Retype exactly the span of lines below from the one with "10月3日,游客在重慶市酉陽縣紅石林地質公園內參觀游覽(無人機照片)。" through the one with "- Needle Felting". Do not include pictures.

======== DATASET EXTRACT

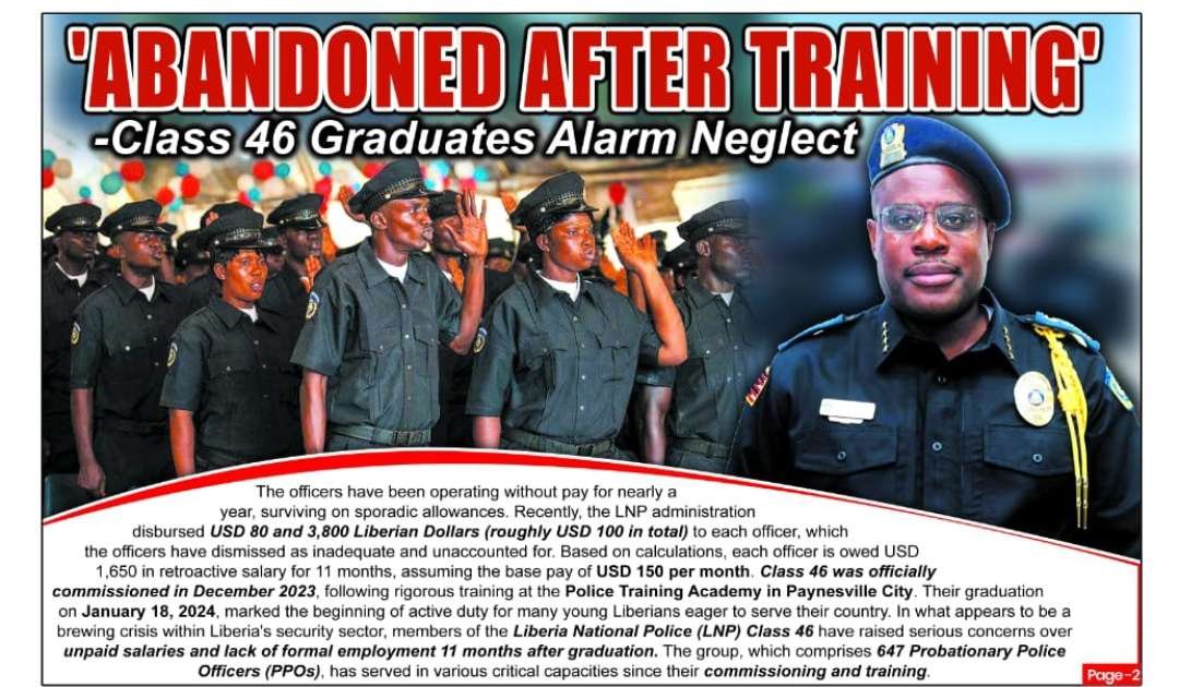 In what appears to be a brewing crisis within Liberia’s security sector, members of the Liberia National Police (LNP) Class 46 have raised serious concerns over unpaid salaries and lack of formal employment recognition 11 months after graduation.
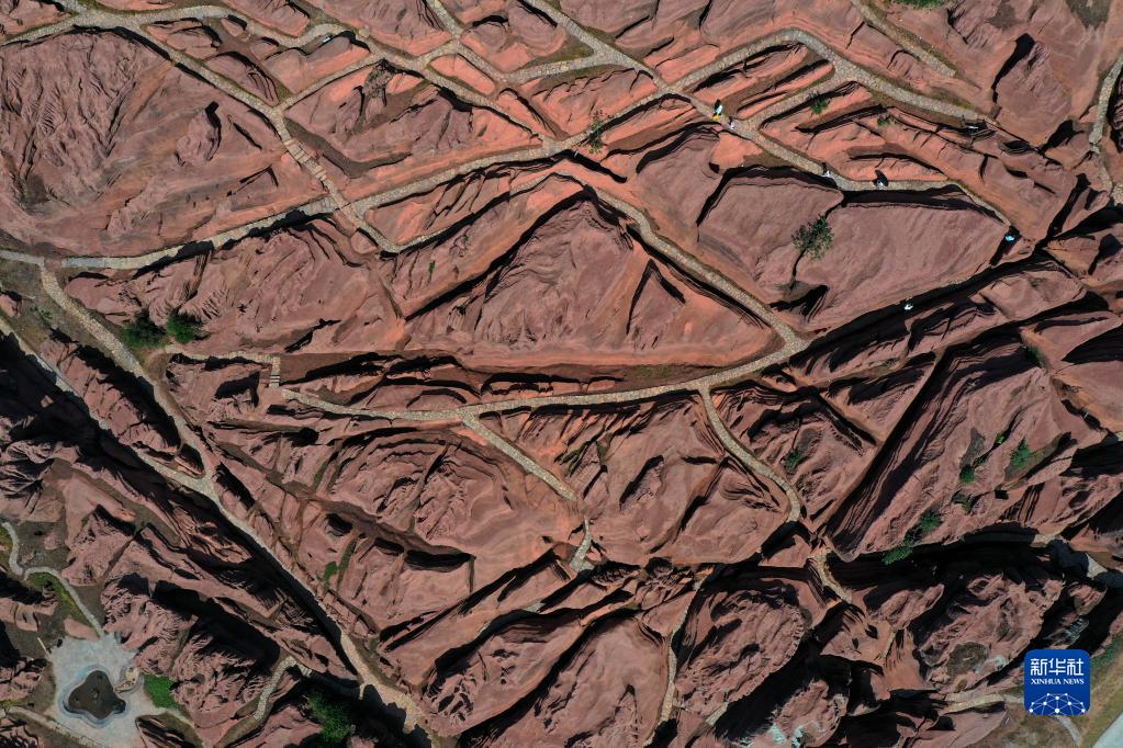 10月3日,游客在重慶市酉陽縣紅石林地質公園內參觀游覽(無人機照片)。
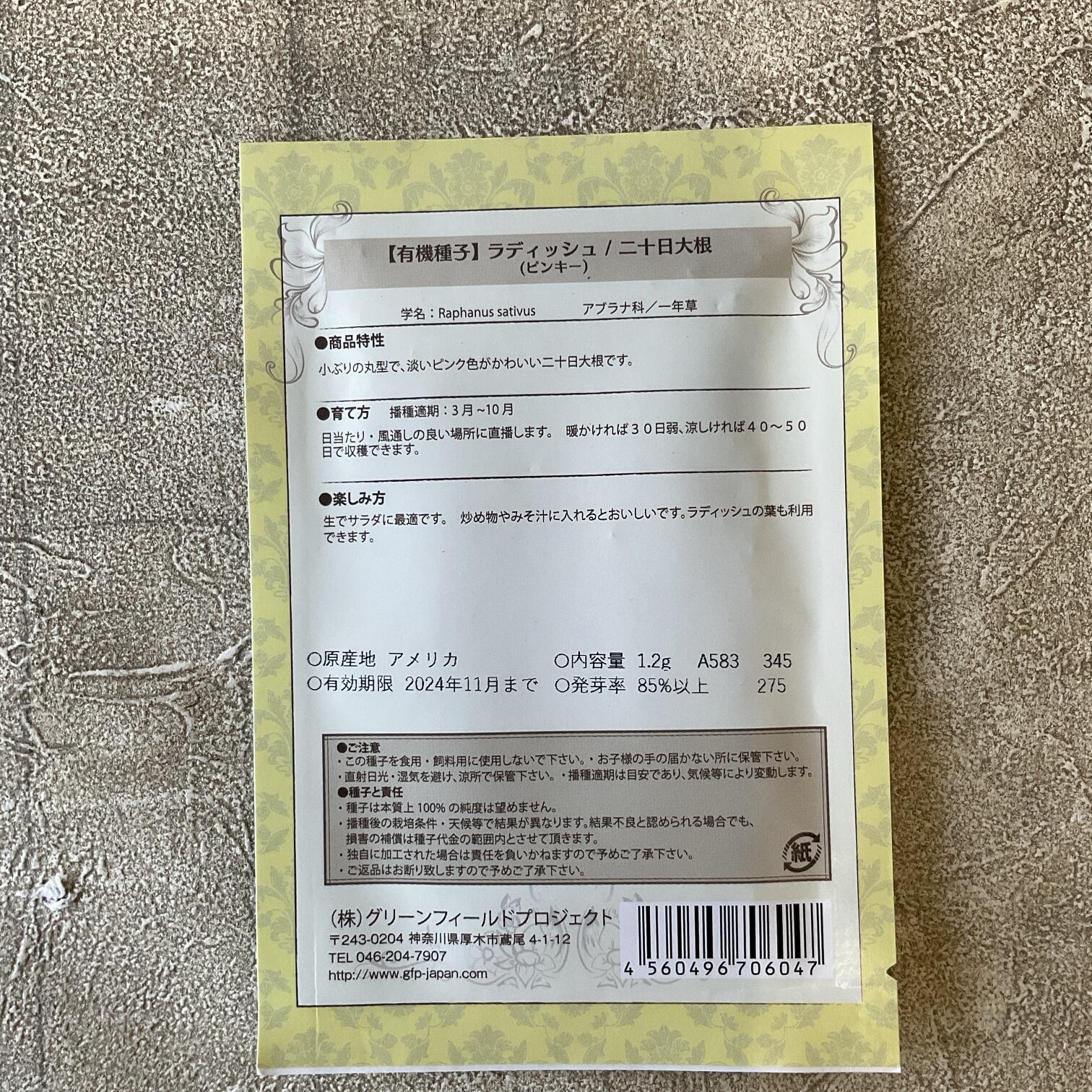 ラディッシュ ピンキー ORGANIC SEEDS 固定種 有機種子
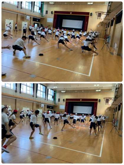 6年生の体育の授業です。運動会の団体演技で踊るソーラン節の練習が始まりました。夏休み中に、タブレットで動画を見て動きを覚えてきています。素晴らしい!
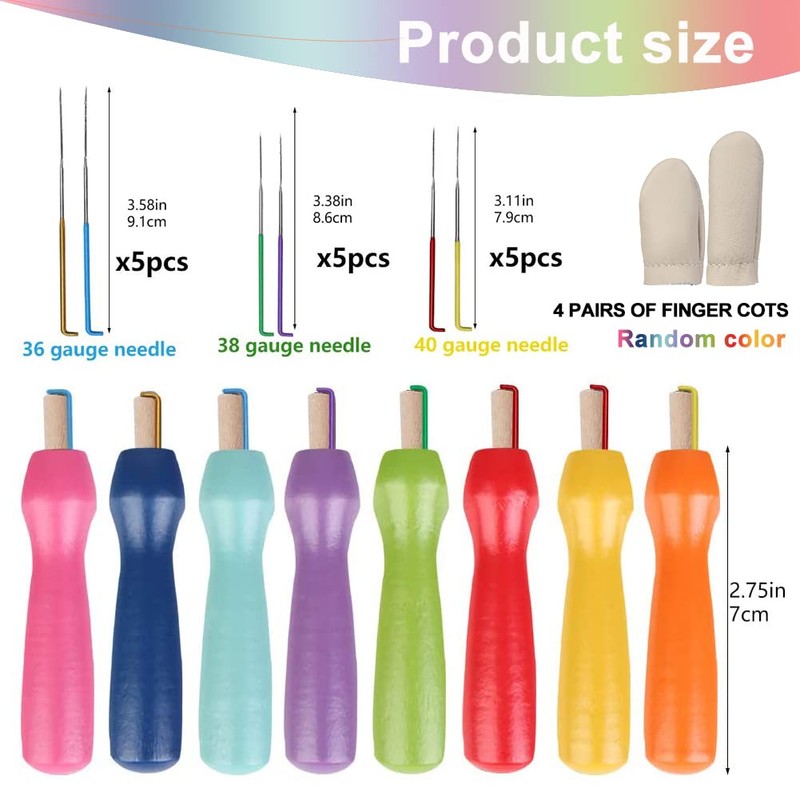 - Needle Felting Tools -- Consists of 30 pcs color coded felting needles, 8 pcs color wooden needle handles and 4 pairs of fingers cot for meeting all of your needs for wool felting.
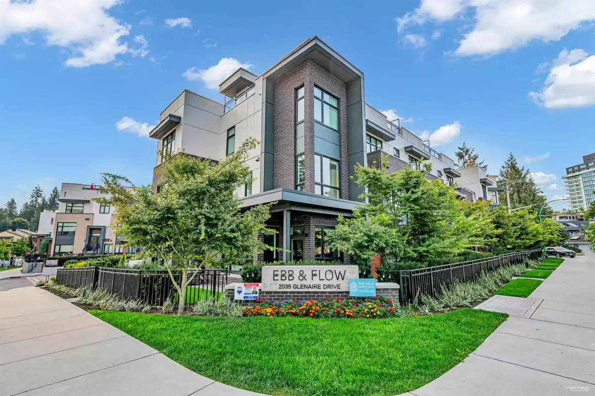 A true standout, the best unit at Ebb & Flow! This corner residence was fully upgraded w/ hardwood flooring carried into the bedrooms, a waterfall island, Bosch apps, A/C on every level, & elegant chandeliers! Offering 1,390sqft across 3 lvls + a 346sqft rooftop deck, this 3bed 3bath home is bathed in natural light, & the view of the bridge at night is something you need to experience! The landscaped yard is the most private in the complex, framed by hedges & greenery, & the sellers cover regular maintenance/cleaning out of pocket to keep it in pristine condition. Rare 4sidebyside parking stalls w/ 3EV chargers complete this exceptional property ($35k value each already paid by the seller!) PRIME LOCATION minutes from Park Royal, Grouse Mountain, Lions Gate Bridge.

================

_EXPECTED ANSWER_
 10月3日,游客在重慶市酉陽縣紅石林地質公園內參觀游覽(無人機照片)。
 ラディッシュ ピンキー ORGANIC SEEDS 固定種 有機種子
 6年生の体育の授業です。運動会の団体演技で踊るソーラン節の練習が始まりました。夏休み中に、タブレットで動画を見て動きを覚えてきています。素晴らしい!
 - Needle Felting Tools -- Consists of 30 pcs color coded felting needles, 8 pcs color wooden needle handles and 4 pairs of fingers cot for meeting all of your needs for wool felting.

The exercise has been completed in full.